The Saturday night invasion of the Hamas-ruled Gaza Strip followed a week of Israeli bombardments from land, sea and air -- the most serious Israeli-Palestinian fighting in decades.

Palestinians said soldiers moved deep into Beit Lahiya in the northern Gaza Strip and asked residents to leave their homes to avoid being hurt in the fighting. Some families sought refuge in UN-run schools in neighboring Beit Hanoun.

Gaza medical officials said the total Palestinian death toll in Israel's "Operation Cast Lead" rose to 512. A UN agency said at least a quarter of the dead were civilians. A Palestinian human rights group put the figure at 40 percent.
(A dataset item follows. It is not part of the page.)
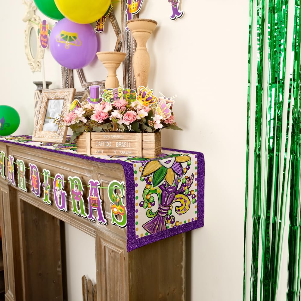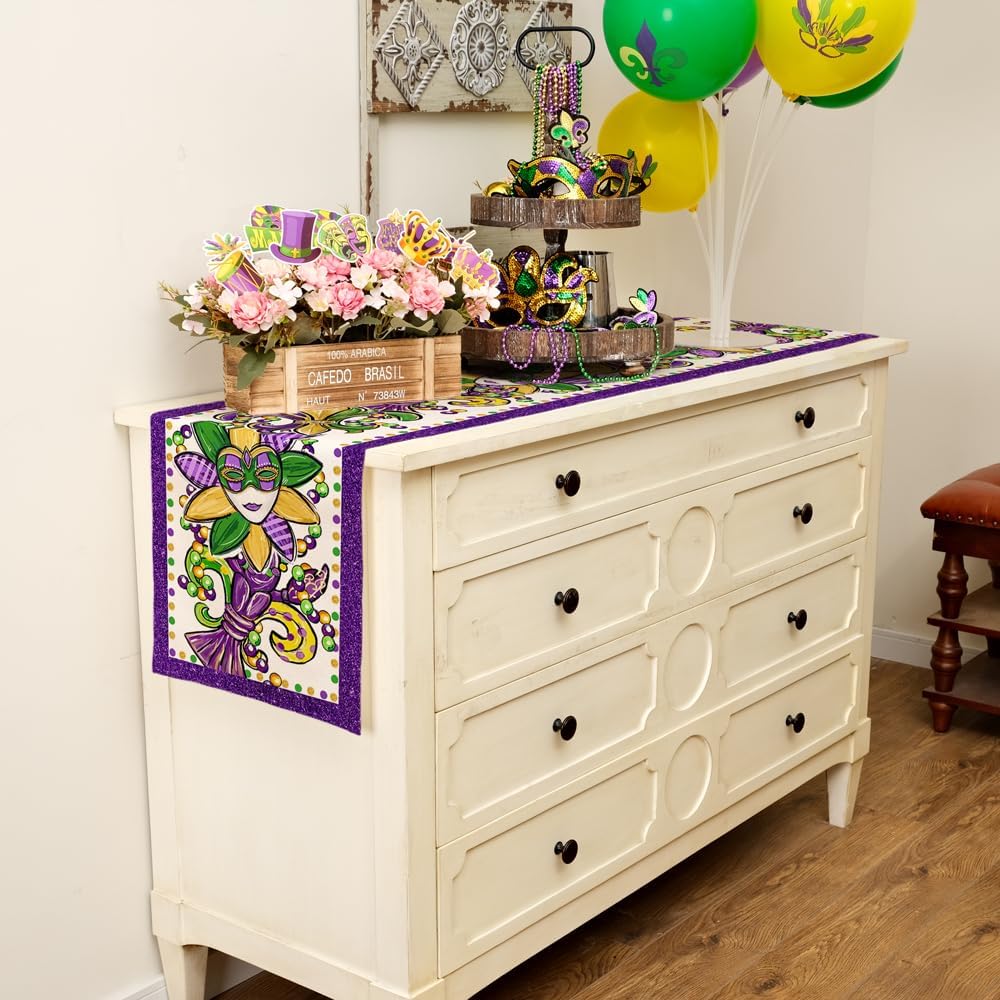 • Versatile Styling Options: Our Mardi Gras rable runner is not only perfect for dining tables and parties, but they can also be used for various creative purposes. Add a festive touch to your home decor by using them as eye-catching table centerpieces.

One Israeli soldier was killed and 32 were wounded in the ground offensive, Israel said. Four Israelis have been killed by the Hamas rocket strikes since December 27.

ISRAELI THRUST

Israeli officials said the operation, which had sparked a wave of protests around the world, could last many days.

Witnesses said the Israeli thrust cut the territory in half from the border fence to the Mediterranean. Troops and armor had taken up positions around Gaza City itself.

Calls for a ceasefire from the United States, Israel's main backer, other governments and the United Nations failed to gain traction over disagreements about who should stop firing first.

Sunday morning saw gun battles between Hamas fighters and Israeli soldiers but later the action was mostly Israeli tank shelling and Hamas rocket and mortar fire.

"The Zionist enemy must know his battle in Gaza is a losing one," Abu Ubaida, a spokesman for Hamas's armed wing, said.

An Israeli officer in Jerusalem said: "I would say that most of the resistances that we faced were from mortar shells and other things but not from serious Hamas fighters face-to-face."